Palindrome Substring Function

• Check whether a substring is a palindrome:
• This function turns out to be even easier to implement than the original test.

/*
  Tests whether a substring of a string is a palindrome.
  @param s the string to test
  @param start the index of the first character of the substring
  @param end the index of the last character of the substring
  @return true if the substring is a palindrome
*/
bool substring_is_palindrome(string s, int start, int end);

Palindrome Substring Function (2)

• In the recursive calls, simply adjust the start and end arguments to skip over matching letter pairs.
• No need to construct new objects for the shorter strings.
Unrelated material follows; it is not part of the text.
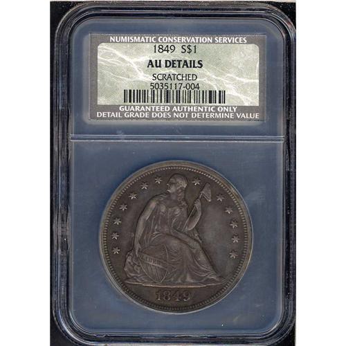 Somewhat scratched. Still acceptable and well placed for a collector of these well-designed and often hard to find early seated Liberty silver dollars. The 1849 has a lower mintage than most.

bool substring_is_palindrome(string s, int start, int end) {
  // Separate case for substrings of length 0 and 1
  if (start >= end) { return true; }

  if (s[start] == s[end])
  {
    // Test substring that doesn’t contain
    // the first and last letters
    return substring_is_palindrome(s, start + 1, end - 1);
  }
  else
  {
    return false;
  }
}

Palindrome Function to Call the Helper Function

• Finally, provide a function that solves the original problem by calling the helper function.

bool is_palindrome(string s) {
  return substring_is_palindrome(s, 0, s.length() - 1);
}

Practice It: Recursive Helpers

• Recursive function for finding the first vowel in a string:

char first_vowel(string str) {
  if (str.length() == 0) { return '?'; } // No vowels
  char first = str[0];
  string rest = str.substr(1);
  if (is_vowel(first)) { return first; }
  else { return first_vowel(rest); }
}

• The above code is inefficient to generate a new string each recursive call.
• Write a recursive helper function that avoids that problem by having a substring input rather than a complete string:

char first_vowel(string str, int pos) { }

The Efficiency of Recursion

• Recursion can lead to simpler solutions to problems, but recursive algorithms may perform poorly.
• The Fibonacci sequence is a sequence of numbers defined by the equations:
  • f_1 = 1
  • f_2 = 1
  • fn = f{n-1} + f_{n-2}
• Each value in the sequence is the sum of the 2 preceding.
• The first ten terms of the sequence: 1, 1, 2, 3, 5, 8, 13, 21, 34, 55,…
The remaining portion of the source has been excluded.